In recent years, the use of machine learning for base selection research has become an emerging research hotspot. Machine learning methods have been proven by many scholars to be superior to traditional prediction task models[17,18], and more and more literature has begun to use machine learning models to study problems. [19] found that a variety of machine learning models can effectively mine the effective information contained in the basic features of funds.[20]used a variety of deep learning models to achieve effective prediction of fund returns based on the historical net value of the fund. [21] use logistic regression as a baseline model to predict the flows generated by each mutual fund and various machine learning tools. Research by [15] shows that using machine learning methods can capture nonlinearities and interactions in the relationship between fund features and performance, which can help construct tradable mutual fund portfolios. Independent studies by[22,15] combine mutual fund performance with machine learning techniques. The study by [23] uses machine learning methods to predict fund returns or abnormal returns.

2.2. Fund Feature

Fund features that affect fund performance are mainly divided into three aspects. First, when selecting a fund investment portfolio, fund fees are an important feature that directly affects investors’ actual returns. A reasonable fee structure can reduce investment costs and improve long-term returns. The seminal paper of [24] shows that a large proportion of fund managers perform better before fees than after fees, while [25] reach the opposite conclusion. Research by [26] shows that mutual fund fees are an important reference feature for investors.[27] showed that excessive fund fees will inhibit investors’ subscription behavior. Research by [28] shows that mutual funds with high fees perform relatively poorly in expense management. Studies by many scholars have shown that there is a clear negative correlation between fund fees and performance [29,30,31].

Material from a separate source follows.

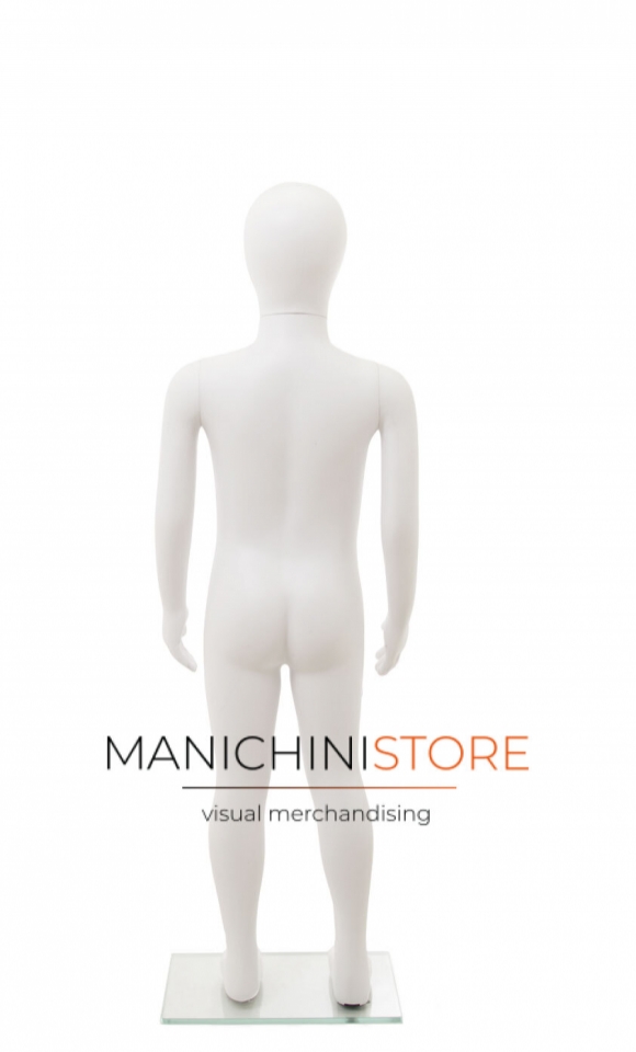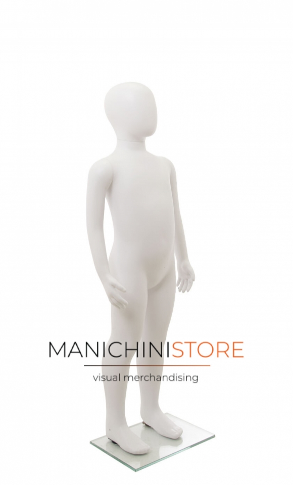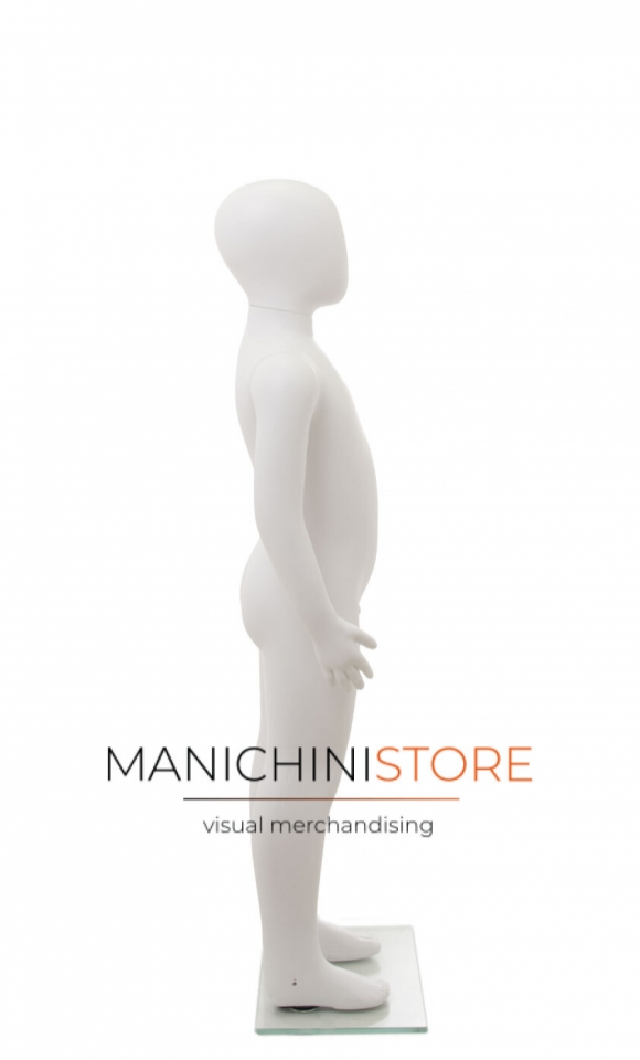 Il manichino bambino ha la testa orientabile ed è dotato di una base rettangolare in vetro temperato 30x20 cm con attacco sotto al piede, e non può quindi indossare calzature.

Second, capital flows reflect market investors’ confidence in the fund. Healthy capital flows can ensure that funds have sufficient flexibility in the face of market fluctuations, and also help fund managers better implement investment strategies. The predictive effect of capital flows on fund performance was first discovered by [32,33], who found a positive, but rather short-lived and weak relationship. [34] shows that the expected portion of liquidity-inducing trades is positive mutual fund returns in the second year. [35] found that fund flows associated with positive return features lead to negative future fund performance. [36] machine learning approach restored the predictive role of financial flows and showed that financial flows positively predict performance. Several studies have focused on the relationship between labeling a fund as sustainable and the financial flows it receives [37,38].

Third, the fund manager’s stock selection and timing abilities are also very important. Excellent fund managers can select individual stocks with potential and seize the best opportunities for market fluctuations to trade, thereby creating excess returns.[27] found that compared with funds with relatively stable investment risks, funds with increased investment risks have worse future performance, which may be due to principal-agent problems or poor stock selection and timing abilities of fund managers. [39] find that a small group of managers demonstrate a greater ability to consistently achieve excess returns through strategies that switch between recessionary market timing and expansionary stock picking. [40] found that the improvement of ordinary investors' stock selection and timing abilities improved their investment returns. [41] showed that the fund’s alpha return will increase as the fund manager’s stock selection ability improves.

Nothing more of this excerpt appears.